» **EXERCISE DATA**
BEGIN

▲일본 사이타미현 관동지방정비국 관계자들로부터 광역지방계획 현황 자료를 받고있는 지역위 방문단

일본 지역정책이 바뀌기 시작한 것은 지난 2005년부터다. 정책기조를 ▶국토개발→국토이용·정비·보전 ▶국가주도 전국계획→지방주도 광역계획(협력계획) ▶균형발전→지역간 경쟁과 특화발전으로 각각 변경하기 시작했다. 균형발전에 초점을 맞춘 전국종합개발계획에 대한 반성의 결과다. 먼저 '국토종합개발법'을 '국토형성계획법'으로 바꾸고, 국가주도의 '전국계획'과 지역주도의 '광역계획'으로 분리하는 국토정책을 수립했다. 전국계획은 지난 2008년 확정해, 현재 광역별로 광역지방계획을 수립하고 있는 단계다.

END
BEGIN

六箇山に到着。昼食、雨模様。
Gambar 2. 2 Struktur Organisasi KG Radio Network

END
BEGIN

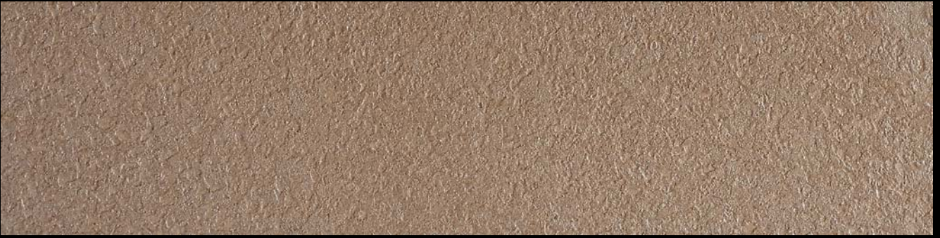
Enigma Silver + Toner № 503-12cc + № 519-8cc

END

» **WORK ITEM**
The answer is the lines above between the line holding "받고있는 지역위 방문단" and the line holding "일본 지역정책이 바뀌기", inclusive, each written out exactly, and no others.

» **RESPONSE BELOW**
▲일본 사이타미현 관동지방정비국 관계자들로부터 광역지방계획 현황 자료를 받고있는 지역위 방문단

일본 지역정책이 바뀌기 시작한 것은 지난 2005년부터다. 정책기조를 ▶국토개발→국토이용·정비·보전 ▶국가주도 전국계획→지방주도 광역계획(협력계획) ▶균형발전→지역간 경쟁과 특화발전으로 각각 변경하기 시작했다. 균형발전에 초점을 맞춘 전국종합개발계획에 대한 반성의 결과다. 먼저 '국토종합개발법'을 '국토형성계획법'으로 바꾸고, 국가주도의 '전국계획'과 지역주도의 '광역계획'으로 분리하는 국토정책을 수립했다. 전국계획은 지난 2008년 확정해, 현재 광역별로 광역지방계획을 수립하고 있는 단계다.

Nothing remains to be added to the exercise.